Bardziej niepokojącym aspektem badania był brak protokołu zarządzania dla pacjentów randomizowanych do leczenia konwencjonalnego, pozostawiając czytelnikowi możliwość zastanowienia się, czy grupa kierowana do ECMO była porównywana z odpowiednim standardem opieki. Autorzy wskazują na różnicę 23% pomiędzy grupami leczonymi w zakresie stosowania strategii wentylacji chroniącej płuca w dowolnym momencie. Czy mniejsze przestrzeganie tej strategii w grupie leczonej konwencjonalnie może odpowiadać za obserwowaną różnicę w śmiertelności, czy też była ona powszechnie stosowana, ale nie była możliwa u najciężej chorych z powodu ciężkości choroby podstawowej? We wonder.

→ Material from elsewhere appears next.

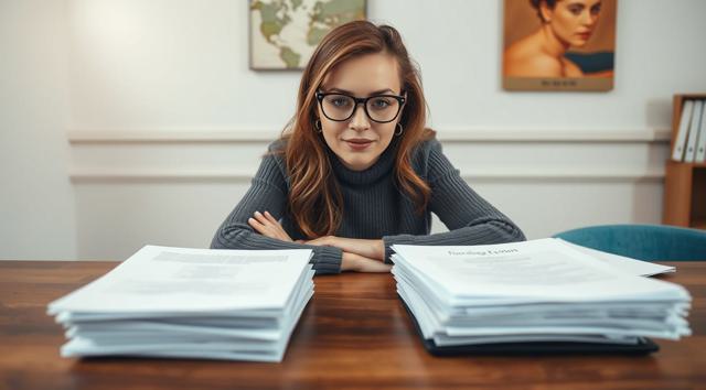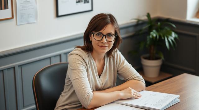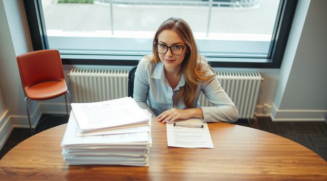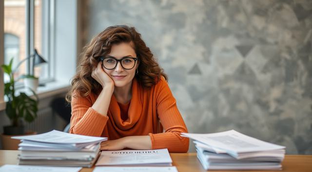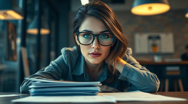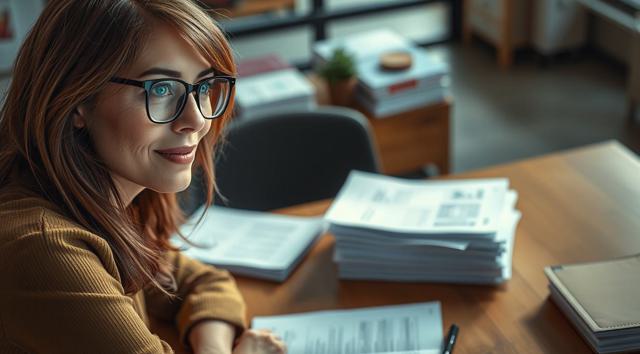 женщина в очках для зрения, которая сидит за столом, на столе стопка бумаг, вид на стол сверху

The CESAR trial clearly informs our understanding of the role of ECMO referral in a modern health care network, but will likely not represent the final referendum on this technology. Potrzebne są dalsze badania, aby wykazać, że wyniki badania CESAR nie są specyficzne tylko dla pojedynczego ośrodka ECMO w tym badaniu lub dla Wielkiej Brytanii, ale że odnoszą się do wszystkich dorosłych z ciężką niewydolnością oddechową. Analiza kosztów-efektywności jest zachęcająca, ale przed wprowadzeniem jej na szeroką skalę należałoby przeprowadzić modelowanie w innych środowiskach opieki zdrowotnej. Ostatecznie ECMO prawdopodobnie pozostanie towarem luksusowym, nieużywanym w dużych ilościach, i jako taki będzie nadal miał swoje miejsce w leczeniu ciężkiej niewydolności oddechowej w ośrodkach referencyjnych – niezależnie od efektywności kosztowej. Czy nowe wyzwania, takie jak grypa H1N1, zmuszą nas do ponownego rozważenia ekonomicznego obciążenia ECMO? Jeśli tak, to trzeba będzie określić optymalne rozmieszczenie ośrodków dysponujących taką możliwością, a także protokoły inicjowania skierowań i transferów. Czas i okoliczności to pokażą.